## WHAT IS REQUIRED
Beginning with the line where "THML Patterned Floral" appears, restate each line word for word until the data ends. Pictures do not go in.

## INFORMATION SUPPLIED
....
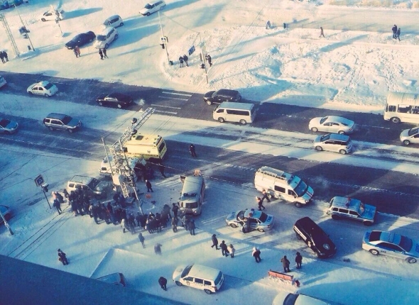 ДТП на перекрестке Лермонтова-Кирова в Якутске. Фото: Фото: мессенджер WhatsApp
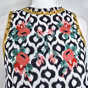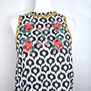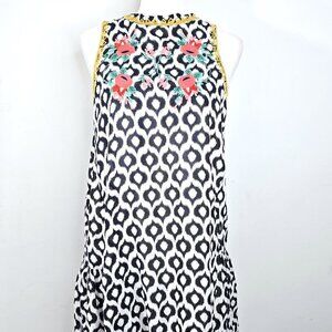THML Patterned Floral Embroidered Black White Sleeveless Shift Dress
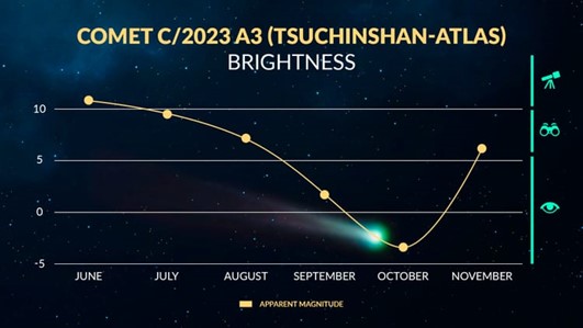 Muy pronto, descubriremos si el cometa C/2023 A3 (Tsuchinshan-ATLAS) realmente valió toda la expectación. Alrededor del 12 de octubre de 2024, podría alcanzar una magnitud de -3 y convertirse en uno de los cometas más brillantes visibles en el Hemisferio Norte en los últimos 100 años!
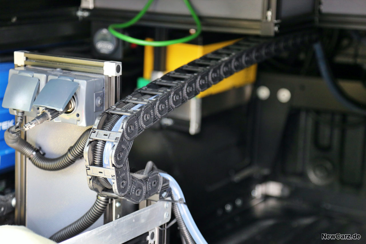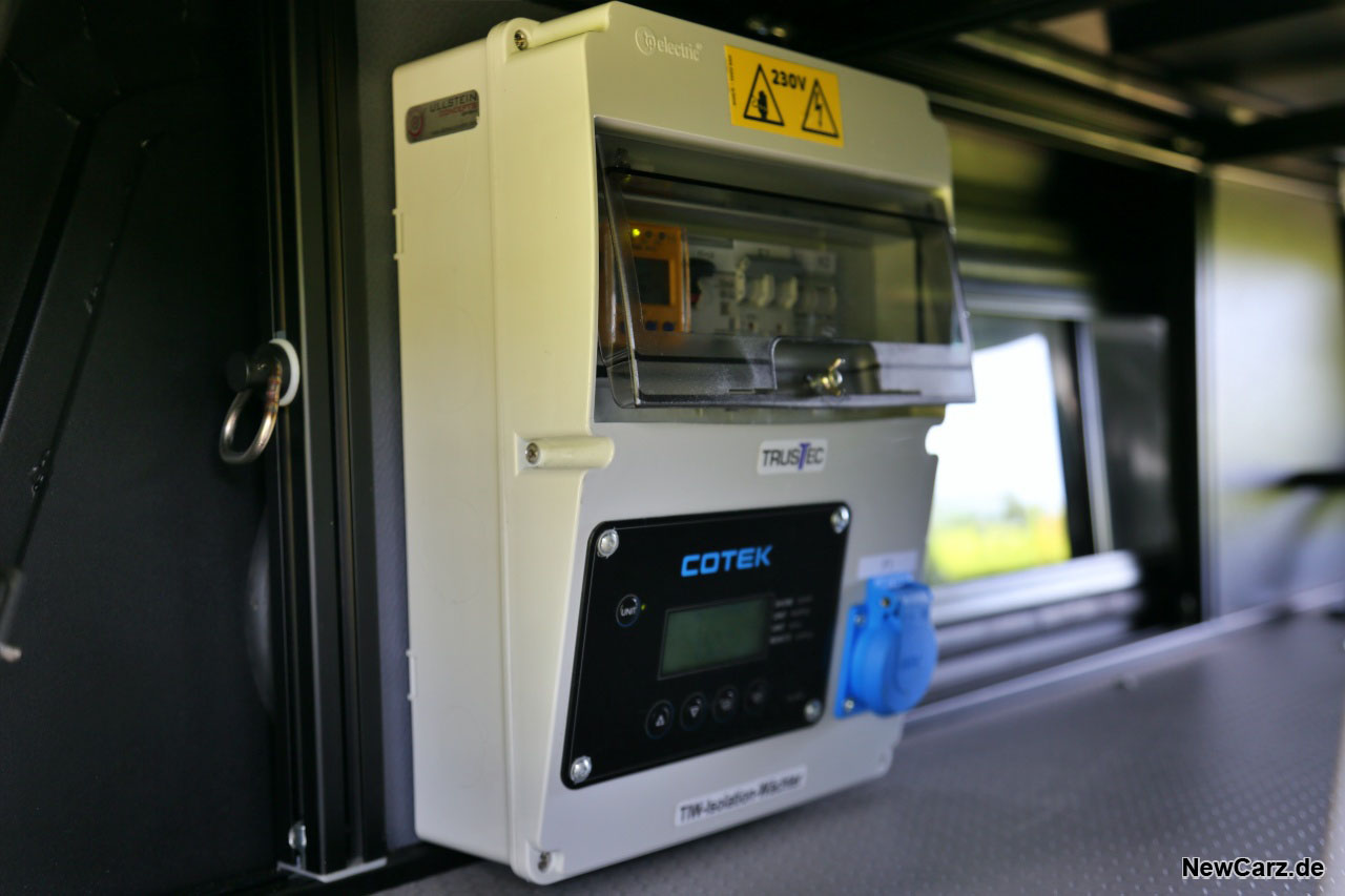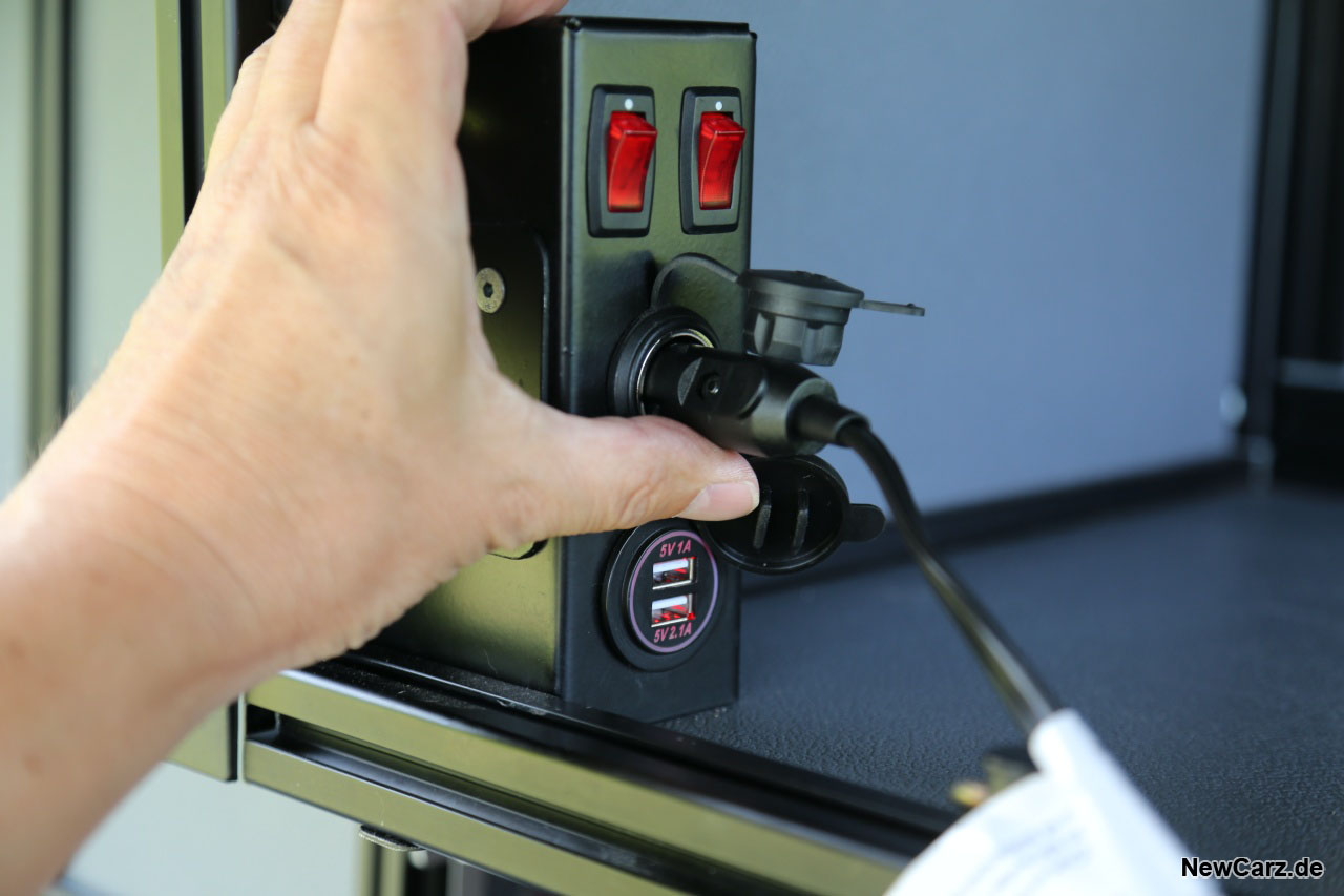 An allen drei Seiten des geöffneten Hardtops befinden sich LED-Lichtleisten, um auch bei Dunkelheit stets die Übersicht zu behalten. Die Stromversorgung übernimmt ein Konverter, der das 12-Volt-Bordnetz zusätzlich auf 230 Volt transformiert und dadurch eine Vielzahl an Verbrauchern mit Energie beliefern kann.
....
## RESPONSE AREA
THML Patterned Floral Embroidered Black White Sleeveless Shift Dress
 Muy pronto, descubriremos si el cometa C/2023 A3 (Tsuchinshan-ATLAS) realmente valió toda la expectación. Alrededor del 12 de octubre de 2024, podría alcanzar una magnitud de -3 y convertirse en uno de los cometas más brillantes visibles en el Hemisferio Norte en los últimos 100 años!
 An allen drei Seiten des geöffneten Hardtops befinden sich LED-Lichtleisten, um auch bei Dunkelheit stets die Übersicht zu behalten. Die Stromversorgung übernimmt ein Konverter, der das 12-Volt-Bordnetz zusätzlich auf 230 Volt transformiert und dadurch eine Vielzahl an Verbrauchern mit Energie beliefern kann.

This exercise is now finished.